Times columnists competed to indict the American president. An early entry, on July 16, before anything was actually known about the summit results, came from Charles M. Blow, whose headline thundered: “Trump, Treasonous Traitor.” The title of the entry by Michelle Goldberg, on July 17, was less alliterative: “Trump Shows the World He’s Putin’s Lackey.” Much as I predicted in the weeks prior to the summit, the same toxic message bellowed through the realm of mainstream print and cable “news”: Trump had betrayed and shamed America before the entire world. As has been the case for years regarding “the Russia threat”—created mainly by US policy itself—no dissenting voices were included in the “discussions,” apart perhaps from unqualified Trump spokespeople.
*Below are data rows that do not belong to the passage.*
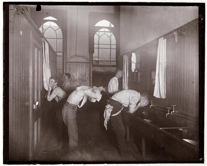 City Lodging House, 23rd Street & First Avenue -- lodgers taking compulsary bath, "Well-nourished" fat.
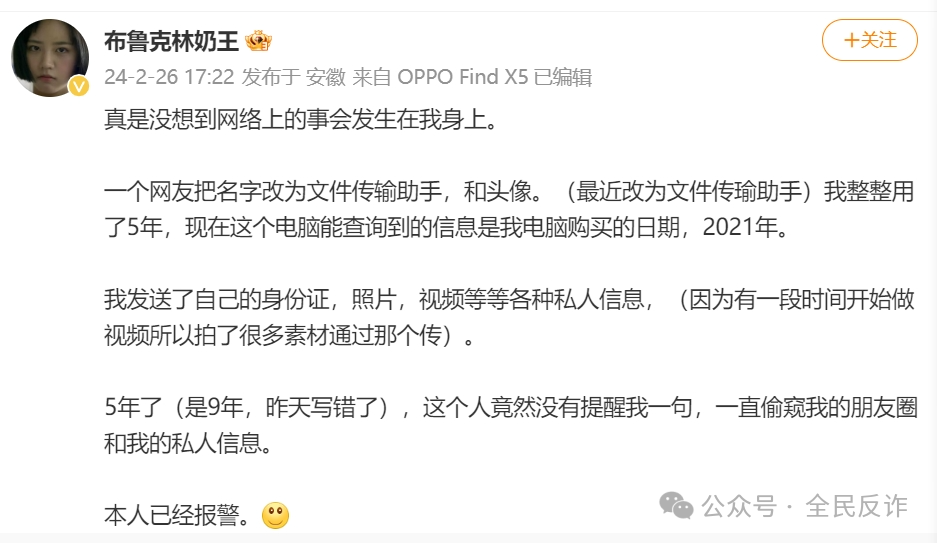 從其表述中得知:2021年開始,就用手機(jī)給微信里的“文件傳輸助手”傳資料,包括身份證信息和各種賬號密碼、自己所拍攝的素材等。直到最近,因?yàn)榘l(fā)現(xiàn)朋友圈有個人名字很奇怪:傳瑜文件助手,去看對方朋友圈,從口吻上推斷是個男孩。就去找對方問,打微信電話也不接,發(fā)消息讓對方停止也不回復(fù),所以去報案。
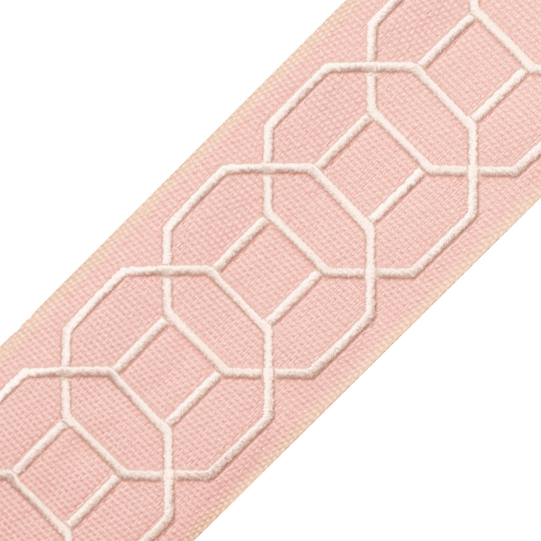 Inspired by Japanese obi sashes, the Sakiori border by Samuel & Sons features interlocking hexagons in satin stitch embroidery on a linen canvas ground. Price upon request (T).
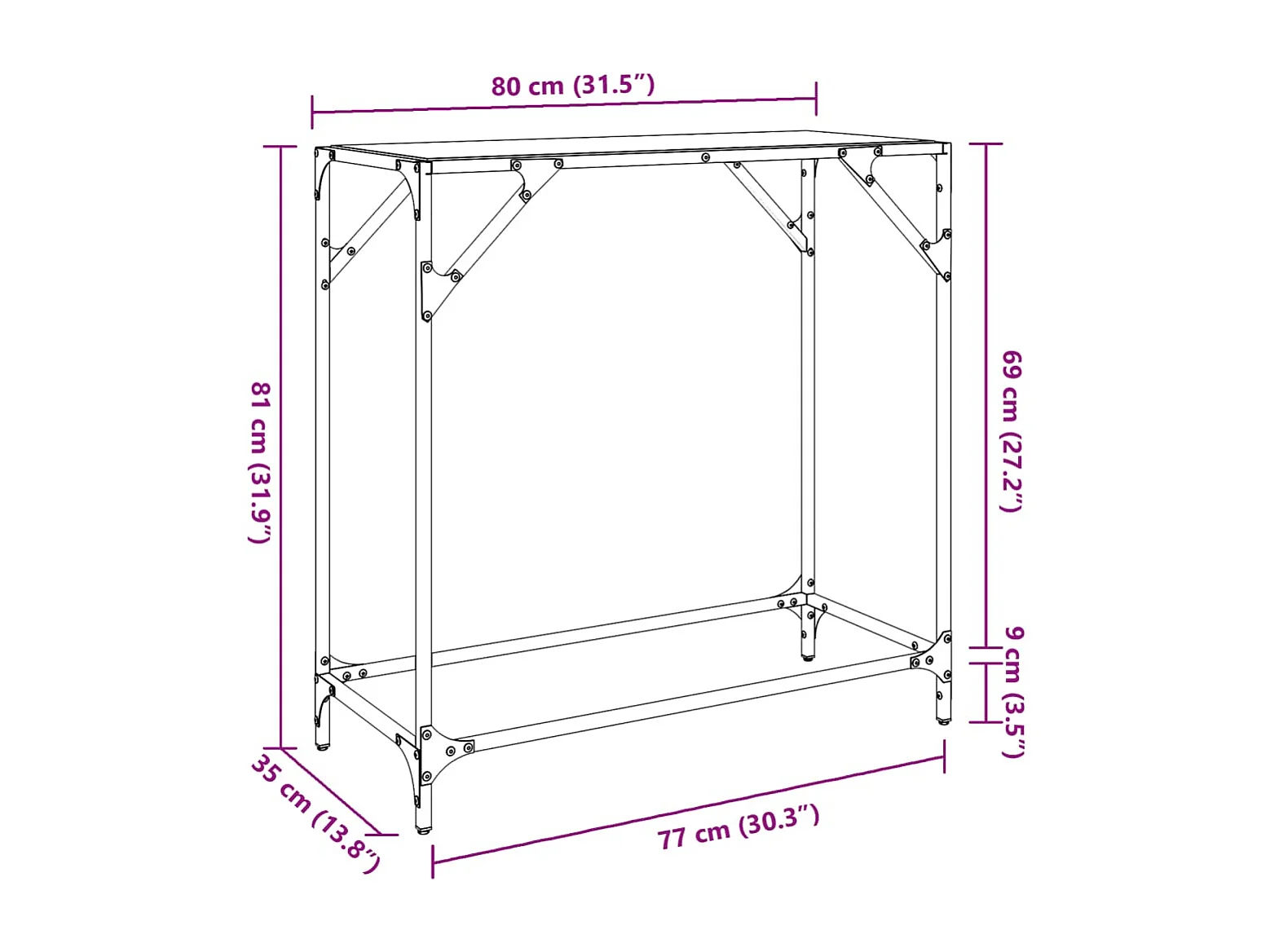 Table console avec dessus en verre noir 80x35x81 cm acier
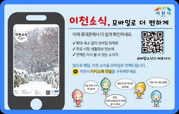 한편 이천소식지 모바일판은 도메인 주소나 이천시청 누리집과 공식 사회관계망서비스(SNS), 그리고 종이 소식지에 삽입된 큐알(QR)코드를 통해 누구나 무료로 열람할 수 있다.
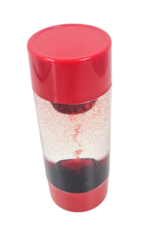 De cilinder is 14cm hoog en is gevuld met rood zand.

The media coverage, not Trump himself at the summit, was shameful. But media were reporting “news,” of the kind they wanted, amplifying leading political figures, also across the spectrum. As usual on this subject, Senator John McCain led the vigilante posse: “No prior president has ever abased himself more abjectly before a tyrant.” He added for personal emphasis: “One of the most disgraceful performances by an American president in memory.” Most unusual, given the traditional non-political public role of intel chiefs, however, was former CIA director John Brennan, who quickly appeared as Trump’s prosecutor and judge, declaring that his behavior in Helsinki “exceeds the threshold” for impeachment and indeed “was nothing short of treasonous.”
RIP Stephen Cohen, a friend and guide who spent the last four years of his life standing against a tidal wave of hysterical Cold War hostility with elegance and erudition.